2.2 Cell Compartment

Because oxygen is an important nutrient that appears to modulate hepatocyte viability and function [62, 63] and is consumed at a high metabolic rate, researchers have focused considerable effort in understanding and enhancing oxygen transport throughout the cell mass in the cell compartment. The natural liver has an extensive sinusoidal network that maintains maximal diffusion distances from the blood to any cell in the liver at less than about 100 μm [86]. Because oxygen transport to the cell mass in a BAL bioreactor is also primarily by diffusion, by analogy, hypoxic regions may develop in the cell mass when the diffusion distance exceeds approximately 100 μm [26]. If so, diffusion distances place a severe limitation on the cell mass that can be supported by a single oxygen-providing source at cell concentrations nearing that in vivo and thus impact the scale-up of BAL bioreactors from laboratory scale to clinical scale.

One way of approaching this problem is to integrate an internal oxygenator into the cell compartment as in the MELS CellModule [7, 10]. The modular repeating unit of the CellModule bioreactor features a mat of oxygenation hollow fiber membranes interposed between two mats of plasma perfusion polyethersulphone hollow fiber membranes where oxygen-rich plasma or medium flows. Liver cells are cultured in the extracapillary space outside and among the membranes and receive oxygen from all the neighboring membranes – oxygenation as well as plasma perfusion. This design effectively reduces oxygen transport limitations and establishes physiological dissolved oxygen concentration gradients across the cell mass to an extent that depends on the oxygen partial pressure in the oxygenation gas flowing in the blood oxygenation membranes, the membrane packing density and the occurrence of plasma (or medium) filtrate perfusion across the cell mass.
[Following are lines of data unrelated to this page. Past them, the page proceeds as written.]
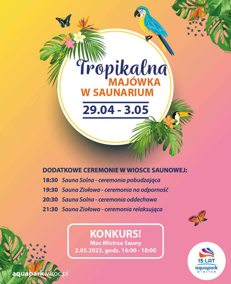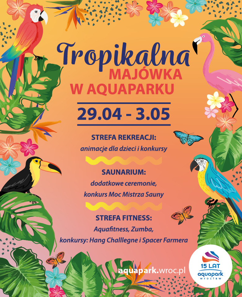 Na Tropikalną Majówkę Aquapark Wrocław zaprasza w dniach 29.04 – 3.05.2023 przy ul. Borowska 99.
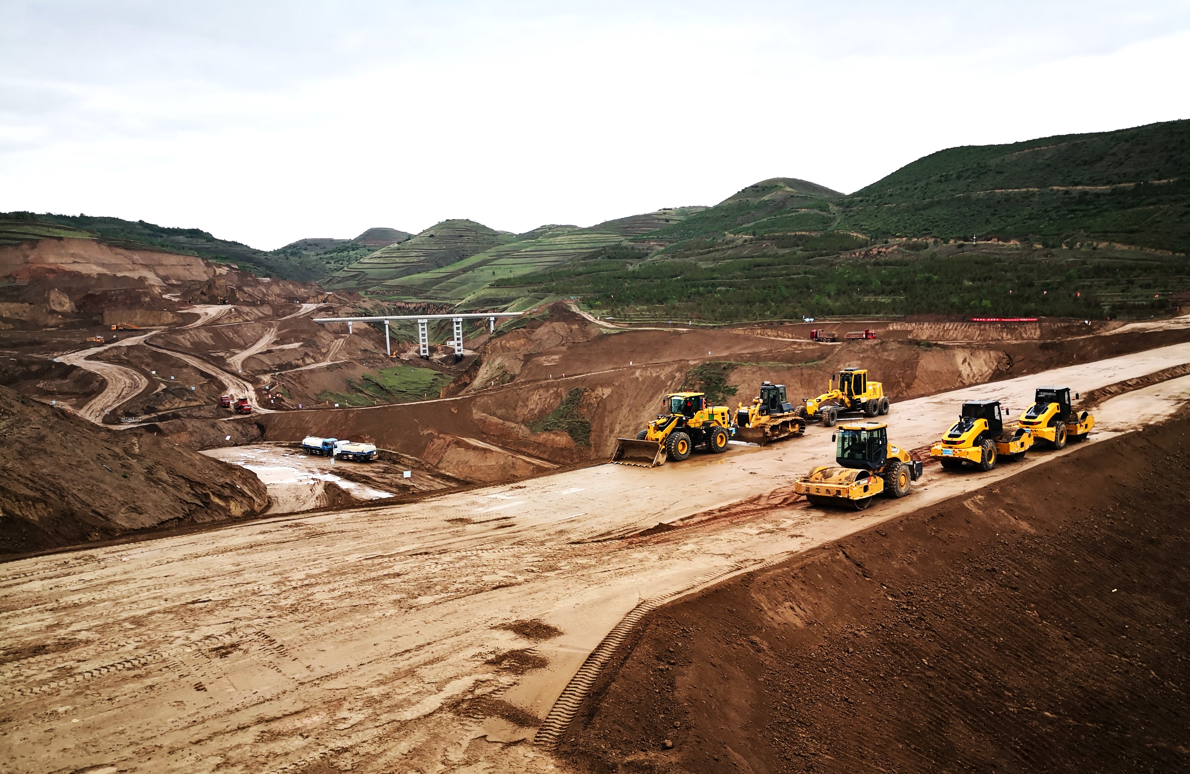 在施工现场,一道高达50多米的坝体耸立在两山之间,将沟壑截断,一辆辆压路机在大坝上来回碾压。“大坝总高58.8米,现在正进行大坝填筑、两岸护坡恢复、坝前混凝土面板浇筑及坝后混凝土隔梁浇筑和生态恢复等工作,按计划施工保质保量推进。”侯嘉说。
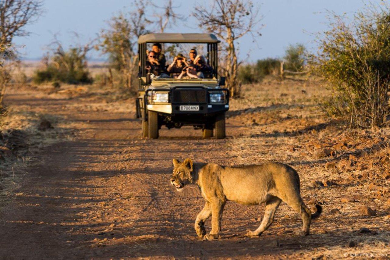 Déjeuner au lodge et deuxième activité de la journée qui se terminera au coucher du soleil. Vous pourrez admirer le coucher du soleil sur le parc un moment inoubliable !
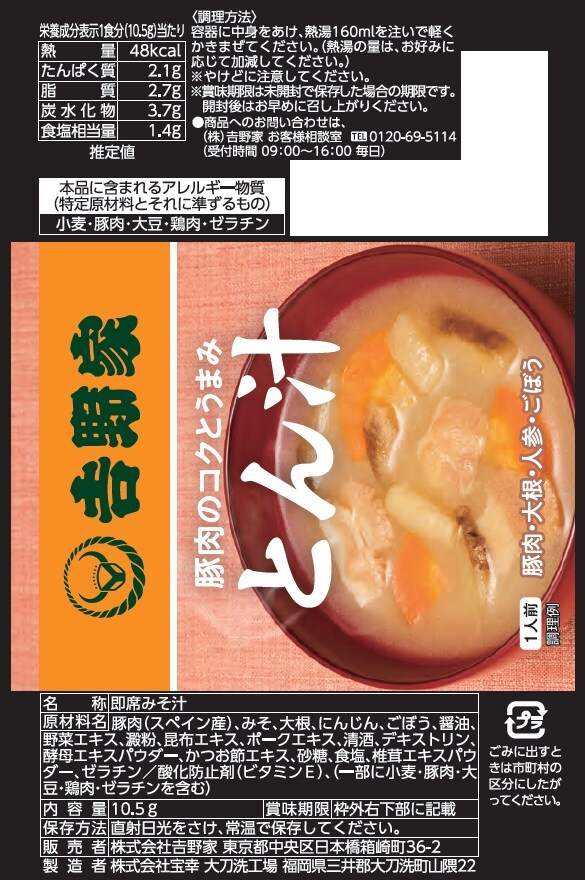 「豚肉、大根、人参、ごぼう」の4種の具材をたっぷり使用し、ご飯のおかずにもなる味わいにしました。

Consequently, CellModule bioreactors have been shown to support culture of porcine and human liver cells at in vivo concentrations [17, 36] and provide metabolic synthesis and detoxification activity [87].

Some BAL bioreactor designs use protein (e.g., type I collagen) or polysaccharide (e.g., alginate) gels to replace the natural ECM and provide the hepatocytes with three-dimensional scaffolding. Use of such matrix gels has been shown to enhance attachment and to promote polarization and differentiation of primary hepatocytes. Drawbacks to the use of gels include lowered oxygen diffusivity relative to plasma or media and a likely increase in hydraulic resistance in the cell compartment that can hinder the occurrence of Starling flow [58]. Techniques have been proposed to enhance the oxygen transport capacity of ECM substitutes either by creating micropathways to induce some degree of convective oxygen transport or by adding oxygen carriers to the gel. A transport-enhanced ECM substitute was engineered by McClelland and Coger [8890] that incorporated porous and hollow polystyrene microspheres (0.55 µm in diameter) into a collagen type I gel. The presence of the hydrophobic microspheres was shown by confocal microscopy to form a gap between the surface of each microsphere and the surrounding hydrophilic gel material [89] through which gaseous oxygen may be transported and may proceed through the pores of the microspheres. In fact, the gap thickness is estimated to be 10 Å larger than the 2.92 Å diameter of the oxygen molecule. The higher diffusivity of oxygen through the hollow microspheres than in the gel may also be expected to contribute the enhanced transport by augmenting the effective oxygen diffusivity in the transport-enhanced ECM substitute. In both cases, the extent of transport enhancement is expected to increase with the volumetric fraction of microspheres added to the gel.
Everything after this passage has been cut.